Exercise instructions: With the images removed, transcribe the listing that follows exactly.

Source material:
BEGIN

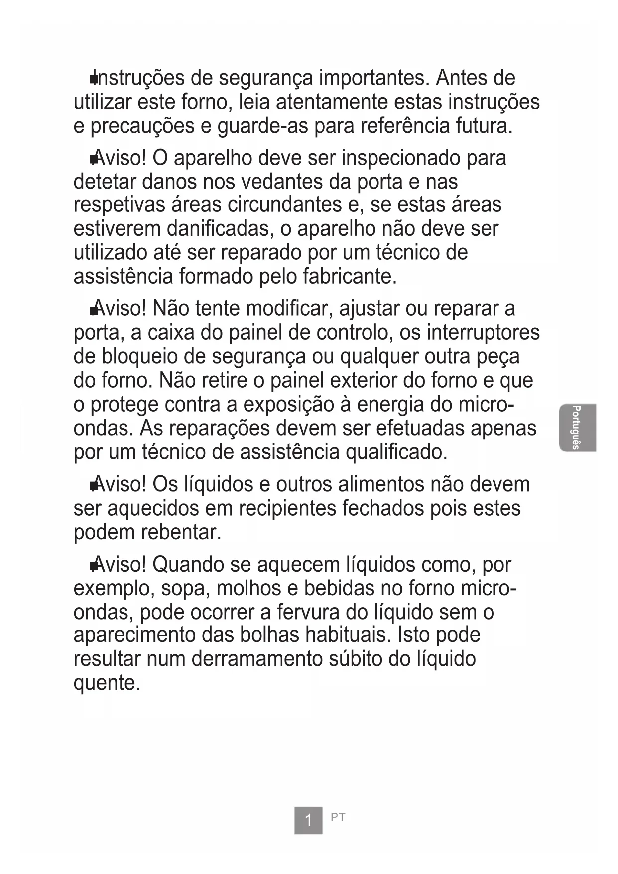 Português Cuidados a ter com o micro-ondas
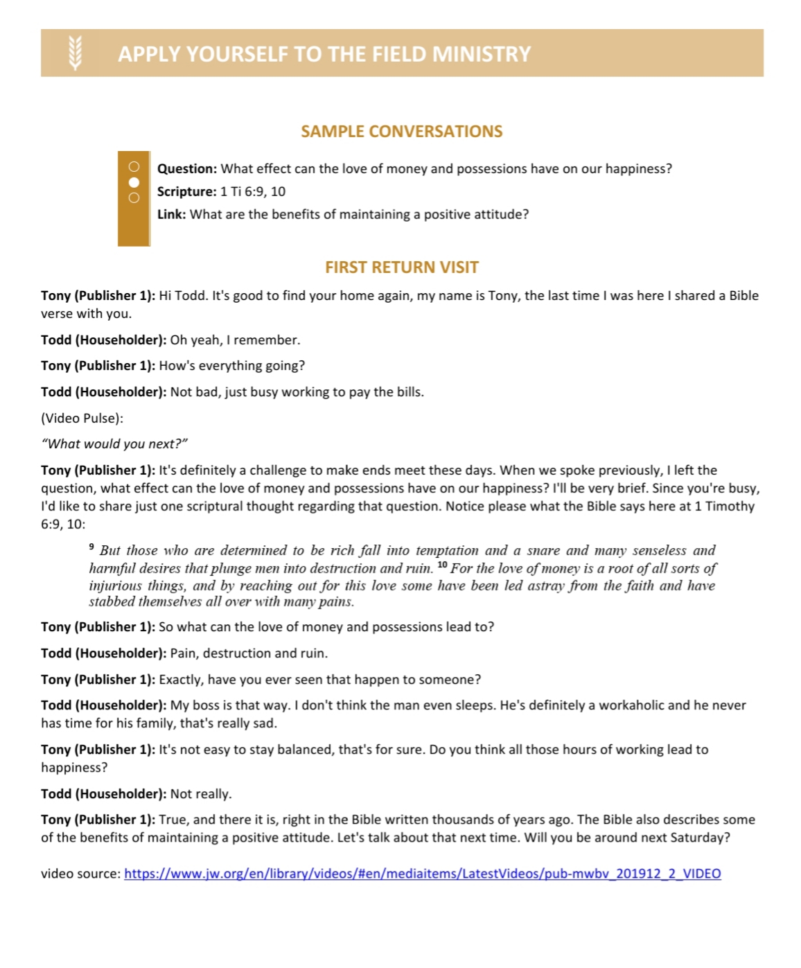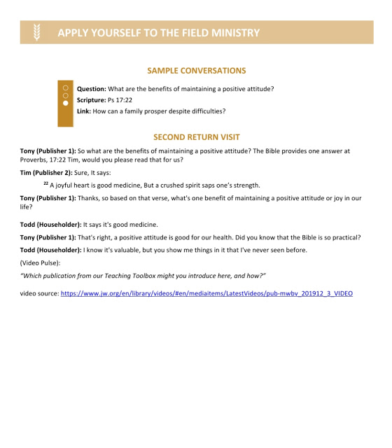 Return Visit Video: (5 min.) Discussion. Play the video, and then ask the audience: How did the publisher demonstrate warmth and empathy? How might the publisher have introduced a publication from the Teaching Toolbox?
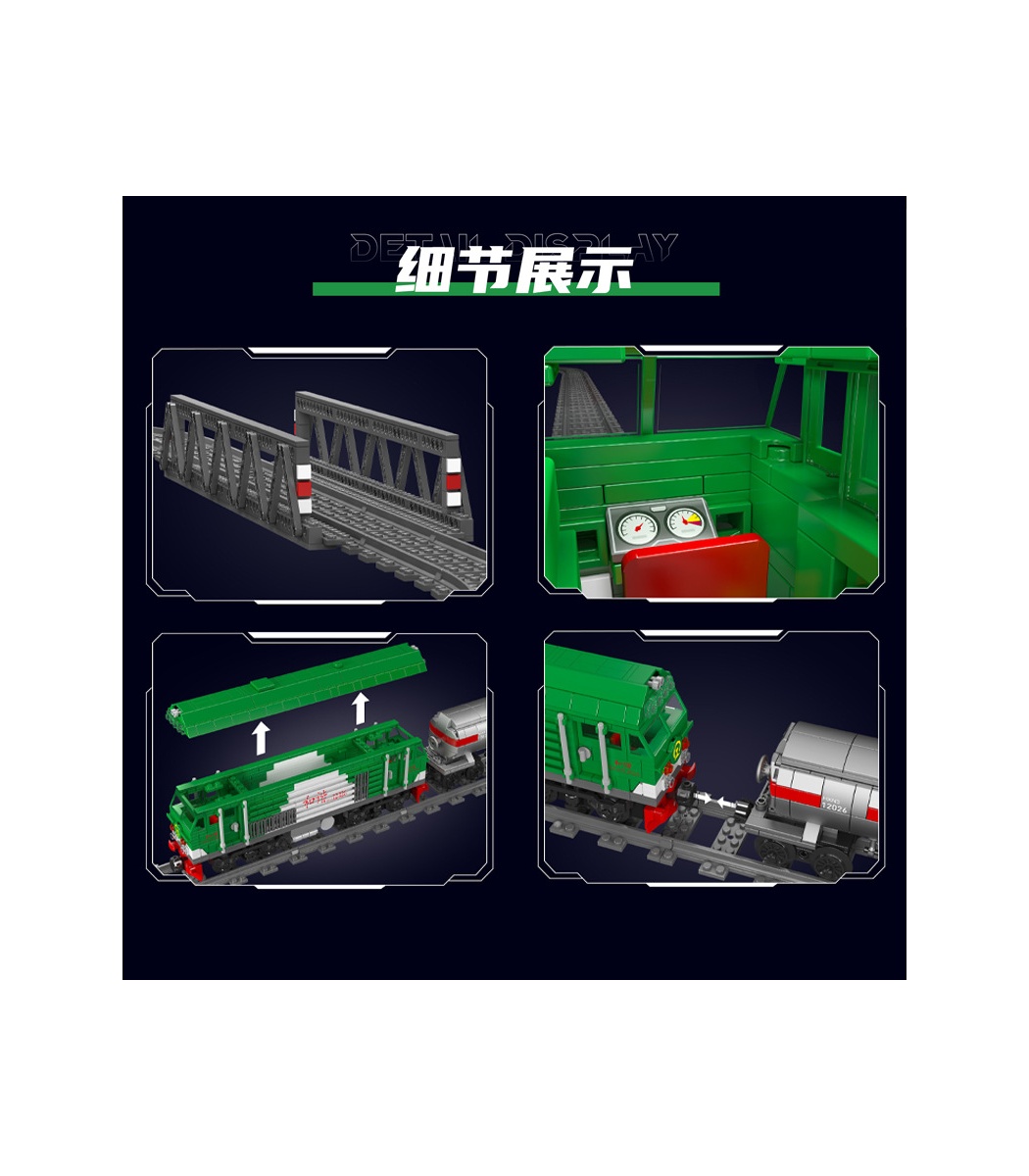 La locomotora diésel HXN3 es cofabricada por China North Vehicle GroupDalian Locomotive & Rolling Stock Co., Ltd. (DLoco) y Electro-Motive Diesel, inc. (EMD), con sede en Estados Unidos. Este modelo de tren hecho de bloques de construcción tiene una apariencia exquisita, está equipado con accesorios icónicos de vías de tren y unos interiores ricos, meticulosos y exquisitos. La apariencia del tren es muy hermosa y varios accesorios, incluido un módulo de alimentación RWY y un control remoto, lo hacen más realista. La estructura superior de la locomotora del modelo también se puede desmontar para hacer el modelo más atractivo. Al ensamblar este tren, podrá comprender mejor las características estructurales de la Locomotora Diésel HXN 3.

END

Response to the exercise:
 Português Cuidados a ter com o micro-ondas
 Return Visit Video: (5 min.) Discussion. Play the video, and then ask the audience: How did the publisher demonstrate warmth and empathy? How might the publisher have introduced a publication from the Teaching Toolbox?
 La locomotora diésel HXN3 es cofabricada por China North Vehicle GroupDalian Locomotive & Rolling Stock Co., Ltd. (DLoco) y Electro-Motive Diesel, inc. (EMD), con sede en Estados Unidos. Este modelo de tren hecho de bloques de construcción tiene una apariencia exquisita, está equipado con accesorios icónicos de vías de tren y unos interiores ricos, meticulosos y exquisitos. La apariencia del tren es muy hermosa y varios accesorios, incluido un módulo de alimentación RWY y un control remoto, lo hacen más realista. La estructura superior de la locomotora del modelo también se puede desmontar para hacer el modelo más atractivo. Al ensamblar este tren, podrá comprender mejor las características estructurales de la Locomotora Diésel HXN 3.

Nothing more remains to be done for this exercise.